### Goal of the exercise:
Go to the line holding "对于金属试剂作为亲核试剂的不" in the data below and repeat it exactly, then each line after it up to and including the one holding "bolsa de mi". Omit pictures.

### Supplied material:
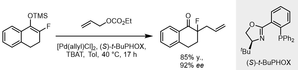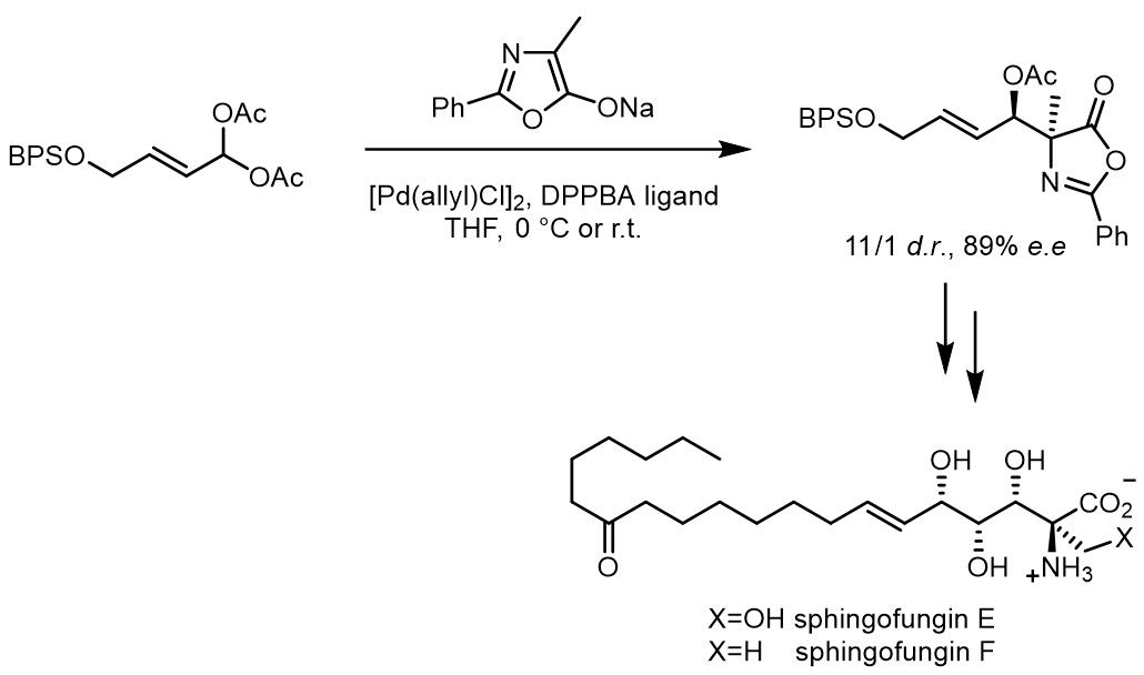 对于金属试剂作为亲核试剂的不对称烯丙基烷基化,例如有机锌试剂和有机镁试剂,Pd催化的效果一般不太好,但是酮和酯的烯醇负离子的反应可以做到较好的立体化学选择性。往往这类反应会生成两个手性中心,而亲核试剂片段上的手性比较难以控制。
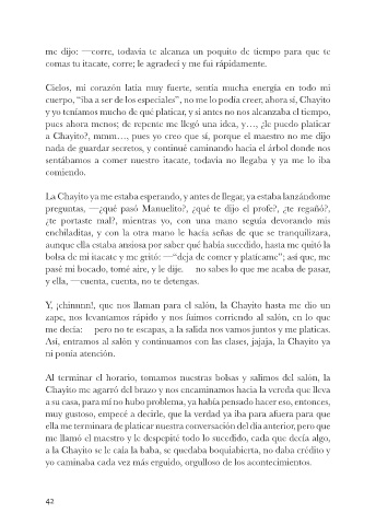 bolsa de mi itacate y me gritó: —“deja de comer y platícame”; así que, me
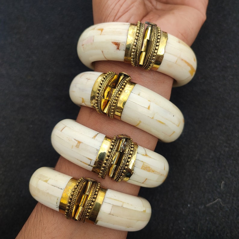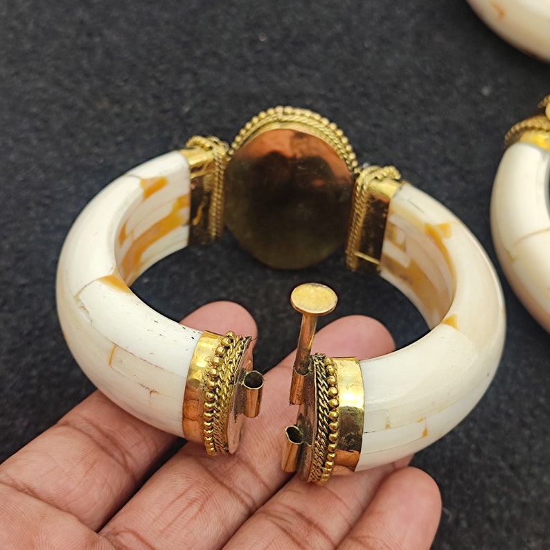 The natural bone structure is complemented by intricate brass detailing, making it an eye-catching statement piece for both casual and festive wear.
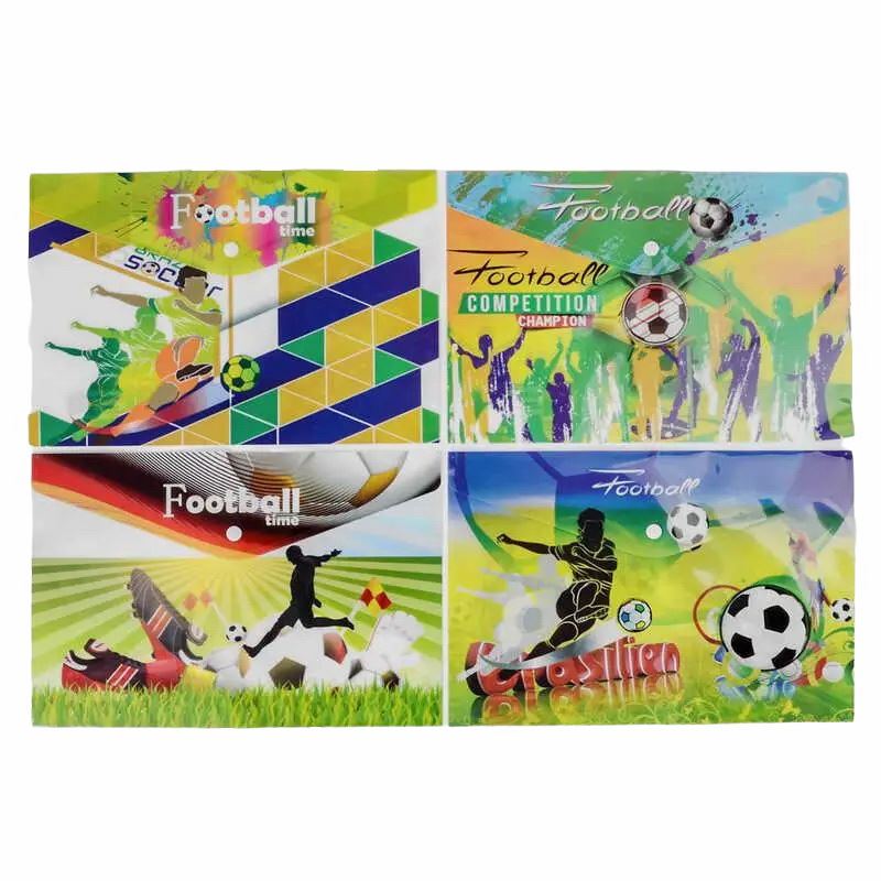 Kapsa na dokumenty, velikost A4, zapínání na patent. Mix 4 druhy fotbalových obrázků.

==

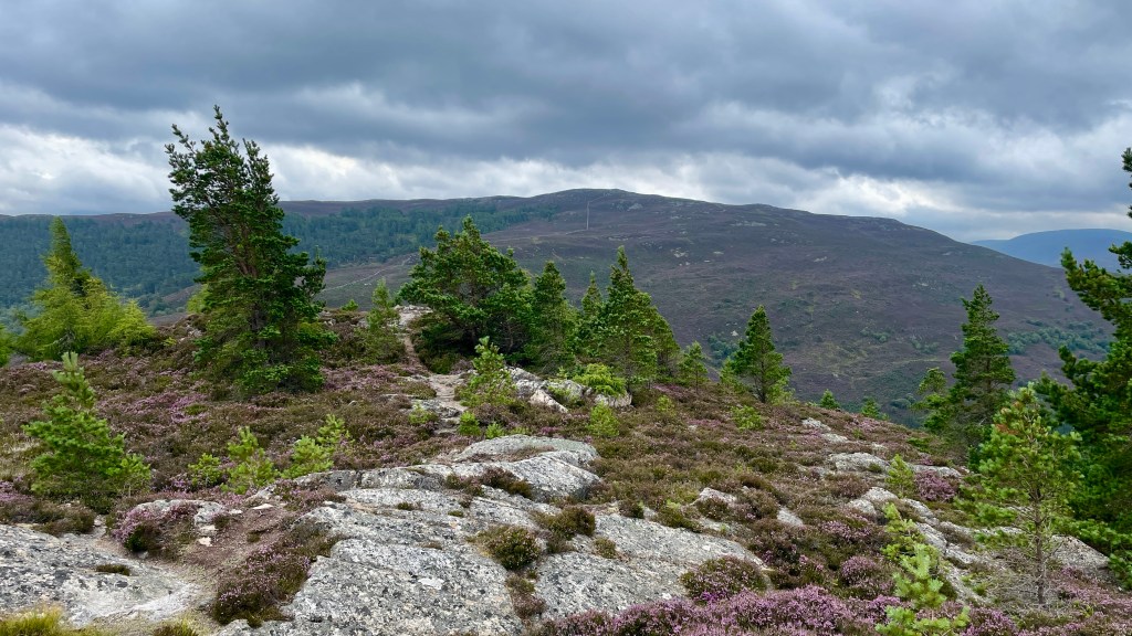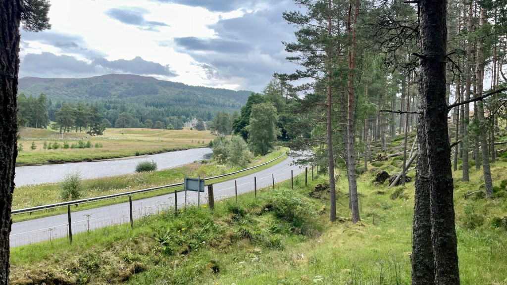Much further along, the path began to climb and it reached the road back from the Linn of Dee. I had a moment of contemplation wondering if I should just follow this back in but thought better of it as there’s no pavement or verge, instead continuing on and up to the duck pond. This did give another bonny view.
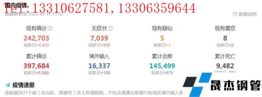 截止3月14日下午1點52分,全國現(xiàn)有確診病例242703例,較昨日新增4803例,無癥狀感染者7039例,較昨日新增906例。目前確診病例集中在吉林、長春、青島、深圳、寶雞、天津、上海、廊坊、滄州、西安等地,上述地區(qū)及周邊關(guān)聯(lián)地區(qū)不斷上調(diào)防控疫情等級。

### Response:
 对于金属试剂作为亲核试剂的不对称烯丙基烷基化,例如有机锌试剂和有机镁试剂,Pd催化的效果一般不太好,但是酮和酯的烯醇负离子的反应可以做到较好的立体化学选择性。往往这类反应会生成两个手性中心,而亲核试剂片段上的手性比较难以控制。
 bolsa de mi itacate y me gritó: —“deja de comer y platícame”; así que, me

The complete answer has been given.